Mais de trezentos mil taéis de prata pesavam quase vinte mil quilos; somando o peso das caixas, passavam de vinte mil. Com mais de cem carregadores, era suficiente. Mas eles não iriam longe, nem rápido. Quem conseguiria levar mais de cinquenta quilos de prata até Dagukou? Se chegassem a Tongzhou já seria bom.

Em Tongzhou, havia o porto do canal; talvez dessem sorte de encontrar barcos de carga. Mas não era garantido, e mesmo que houvesse, eram lentos e fáceis de serem alcançados pelo inimigo.

Além disso, os carregadores eram lentos, não podiam competir com carroças e camelos. Por isso Zhou Kui, sem carroças suficientes, não podia levar toda a prata só com carregadores.

Mas, de sua mansão até o Portão Chaoyang, eles dariam conta. A residência da família Zhou ficava perto dali, logo chegariam.

Enquanto a prata e os familiares de Zhou chegavam aos poucos, Wu Xiang e Tang Ruowang também se disfarçaram e, contornando as muralhas, foram do Portão Zhengyang até o Portão Chaoyang.

Ambos juntos significava que o grande êxodo estava prestes a começar!

“Sogro, como estão as coisas?” Assim que viu Wu Xiang, Zhu Cilang perguntou sobre a situação no Portão Zhengyang.

“Os bandidos foram enganados,” Wu Xiang sorriu, orgulhoso. “Estão se movendo do Templo do Céu para o Portão Yongding!

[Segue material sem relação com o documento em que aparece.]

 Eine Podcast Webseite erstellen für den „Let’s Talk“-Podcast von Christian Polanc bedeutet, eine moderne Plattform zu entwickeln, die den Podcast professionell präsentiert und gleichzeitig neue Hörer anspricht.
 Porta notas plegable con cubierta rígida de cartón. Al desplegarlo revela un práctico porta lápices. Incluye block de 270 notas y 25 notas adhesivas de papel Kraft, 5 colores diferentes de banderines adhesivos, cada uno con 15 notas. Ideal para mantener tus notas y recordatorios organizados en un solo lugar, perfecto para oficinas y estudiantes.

Devem começar o ataque só depois do amanhecer... Por aqui, o moral está alto, afinal, é o próprio imperador à frente das tropas, e ainda distribuíram recompensas.”

“Ótimo!” Zhu Cilang bateu palmas. “Sogro, Mestre Tang, vão junto com meu pai, minha mãe e a imperatriz Zhang... Vão vocês primeiro!”

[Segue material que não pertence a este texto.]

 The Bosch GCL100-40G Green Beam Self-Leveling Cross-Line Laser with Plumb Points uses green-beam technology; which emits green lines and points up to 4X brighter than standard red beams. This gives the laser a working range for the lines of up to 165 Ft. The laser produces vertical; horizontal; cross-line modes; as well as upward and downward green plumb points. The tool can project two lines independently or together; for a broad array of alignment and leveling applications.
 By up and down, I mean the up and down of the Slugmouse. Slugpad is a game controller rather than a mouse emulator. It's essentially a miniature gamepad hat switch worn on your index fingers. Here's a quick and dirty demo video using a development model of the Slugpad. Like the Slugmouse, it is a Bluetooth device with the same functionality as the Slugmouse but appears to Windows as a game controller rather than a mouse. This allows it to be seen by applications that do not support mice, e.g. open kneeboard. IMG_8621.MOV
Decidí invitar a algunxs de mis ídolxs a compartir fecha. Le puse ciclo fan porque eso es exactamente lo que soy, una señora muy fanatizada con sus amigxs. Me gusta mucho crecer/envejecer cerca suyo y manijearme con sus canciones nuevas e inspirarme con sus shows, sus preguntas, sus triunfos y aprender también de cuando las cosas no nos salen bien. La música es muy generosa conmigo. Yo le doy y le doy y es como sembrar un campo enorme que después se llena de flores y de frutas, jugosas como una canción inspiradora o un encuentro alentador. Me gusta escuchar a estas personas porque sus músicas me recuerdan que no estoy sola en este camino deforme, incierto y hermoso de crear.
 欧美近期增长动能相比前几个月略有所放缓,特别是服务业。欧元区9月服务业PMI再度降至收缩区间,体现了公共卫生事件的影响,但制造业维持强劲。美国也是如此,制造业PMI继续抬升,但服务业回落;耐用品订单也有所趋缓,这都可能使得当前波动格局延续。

“E Vossa Alteza não vem junto?” Tang Ruowang perguntou aflito.

“Ainda tenho assuntos a tratar,” respondeu Zhu Cilang. “Assim que terminar, eu os alcanço... Meu cavalo é veloz, alcanço vocês fácil.”

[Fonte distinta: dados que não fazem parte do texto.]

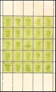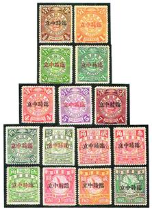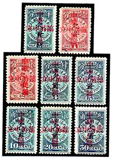 在所有紅印花加蓋暫作郵票中,紅印“小字“當壹圓”郵票是最先加蓋,只試版印樣50枚送審,但由于郵政當局認為加蓋的字形太小、使用不便,隨即下令停止加蓋。試印的紅印花小字“當壹圓”郵票雖然沒有正式發行,卻也并未銷毀,現存世僅30余枚,大多都是新票,銷有八卦戳的舊票僅發現1枚,是傳世孤品。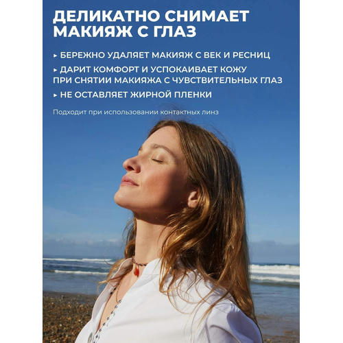 Его преимущества: освежающая текстура дарит комфорт и успокаивает кожу при снятии макияжа с чувствительных глаз.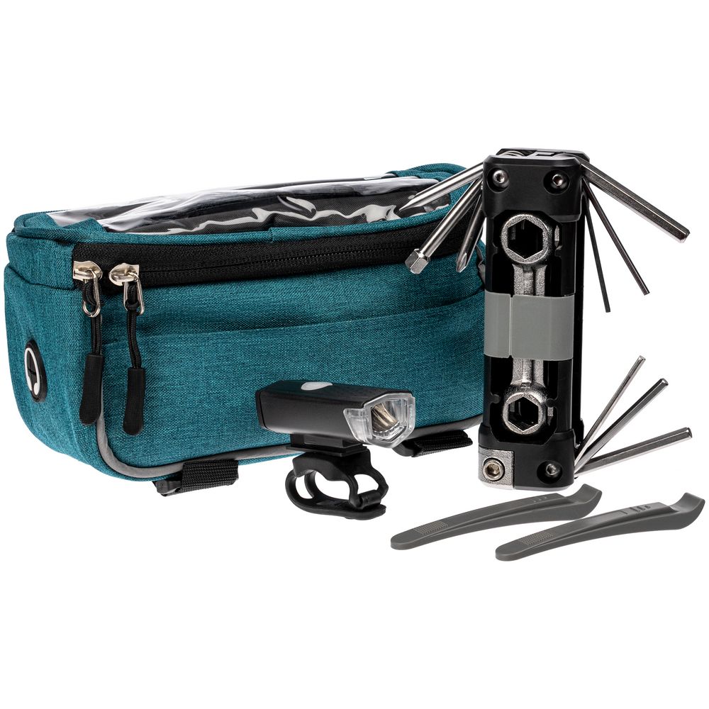 В этот набор входит все, что может понадобиться велосипедисту на вечерней прогулке: вместительная сумка для телефона и необходимых мелочей, мультитул, включающий в себя инструменты для обслуживания велосипеда, и фонарь, который не даст сбиться с пути в темное время суток.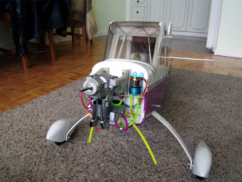 Another gas powered Decathlon was offered up to the flying gods yesterday, and arriving back home on terra firma safely, despite very windy conditions! Thankfully they were blowing right down the runway. There was enough wind on a couple of landings to permit a 20-30 foot roll out! The RCGF 20 was proven to have plenty of power, offering unlimited vertical, though maybe not enough for all out 3D. Using an APC 17x6, but not tached yet. Plenty of ground clearance. The engine was very easily dialed in and the second tank of fuel was spent in the air. Suggested CG has proven fine, maybe a hair nose heavy. Suggested aileron throws for low rate not quite enough for me, but fine for the test flights. Knife edge coupling, holy cow, had forgotten how bad they really are. Going to take while to figure out all of what needs to be done there! 4 tanks of fuel with it has let me do a little engine tweaking, a little fiddling with the radio, and the plane is already settling down into what I think is going to be a great little flyer. Very happy with the plane overall. -Al

Dito isso, virou-se para a irmã mais nova de Wu: “Irmã, vá também com o sogro.”

“Ficarei com Vossa Alteza!” Ela balançou a cabeça e aproximou-se ainda mais de Zhu Cilang. “Vou proteger Vossa Alteza!”

Que lealdade!

Zhu Cilang olhou para Wu Xiang, que disse à filha: “Filha, cuide bem de Sua Alteza!”

“Sim, pai, prometo protegê-lo!”

Wu Xiang sorriu para Zhu Cilang: “Senhor, minha filha pratica artes marciais desde pequena; pode não ser uma grande guerreira, mas não lhe causará problemas.”

“Está decidido, ela fica comigo.”

“Então parto agora!” Wu Xiang, sem mais delongas, foi reunir a guarda do palácio e escoltar Chongzhen, a imperatriz Zhou, a imperatriz Zhang e os demais de carruagem até o Portão Chaoyang.

Zhou Kui, vendo a filha e o genro partirem, também quis apressar-se e perguntou a Zhu Cilang: “Chun, e minhas carroças?”

Zhu Cilang sorriu e ordenou diretamente a Zhu Chunjie: “Mande os carregadores levar a prata até fora do Portão Chaoyang, empilhando-a junto à ponte de pedra sobre o fosso!”

O que queria dizer com isso?

Zhou Kui ficou surpreso: “Chun, o que significa isso?”

Zhu Cilang sorriu novamente e saudou respeitosamente Zhou Kui: “Avô, em nome da dinastia Ming, o neto agradece ao senhor!”